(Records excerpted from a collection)
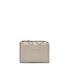 Monedero tarjetero Kaos Icon en color topo. Compartimento especial para monedas con cierre de cremallera. En la parte trasera cuenta con tres ranuras para tarjetas. Medidas (alto x ancho x fondo): 9 x 11,5 x 2,5 cm.
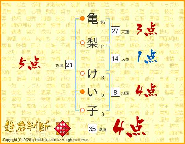 亀梨けい子さんの総運は35画の4点!
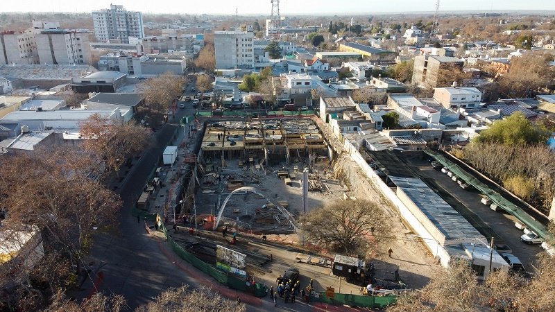 Con un impresionante movimiento de obreros, continúa la construcción del centro comercial, cultural y tecnológico donde funcionó la terminal de colectivos de San Rafael.
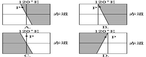 【小题2】此时北京市可能是下列哪幅图中的点P位置(图中阴影部分表示夜半球)(  )
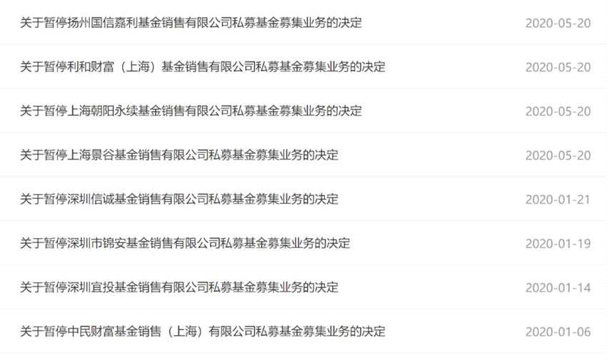今年以來,已經有8家銷售機構被協(xié)會叫停私募基金募集業(yè)務,有些被要求整改,直到驗收合格才能恢復業(yè)務。
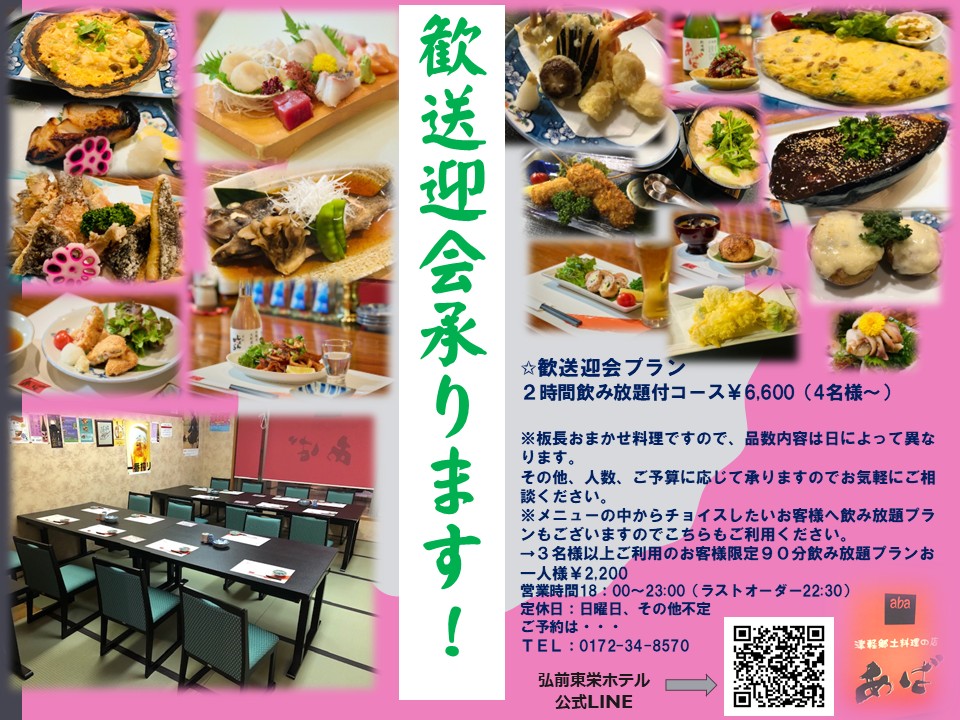 🐡津軽郷土料理の店あば 歓送迎会プラン受付中❣ 2026年1月27日 お知らせ 歓迎会・懇親会・慰労会など様々なシーンにご利用いただける大変お得なプランでございます。 新しい門出と新たな出会いを祝して、皆様で楽しんでいただける内容でお迎えいたします。 ご利用はお早めにどうぞ🌸

## TASK STATEMENT
Restate word for word the lines starting at the one that contains "今年以來,已經有8家銷售機構" and ending at the last line of the data. Skip every picture.

## ANSWER TO THE PROBLEM
今年以來,已經有8家銷售機構被協(xié)會叫停私募基金募集業(yè)務,有些被要求整改,直到驗收合格才能恢復業(yè)務。
 🐡津軽郷土料理の店あば 歓送迎会プラン受付中❣ 2026年1月27日 お知らせ 歓迎会・懇親会・慰労会など様々なシーンにご利用いただける大変お得なプランでございます。 新しい門出と新たな出会いを祝して、皆様で楽しんでいただける内容でお迎えいたします。 ご利用はお早めにどうぞ🌸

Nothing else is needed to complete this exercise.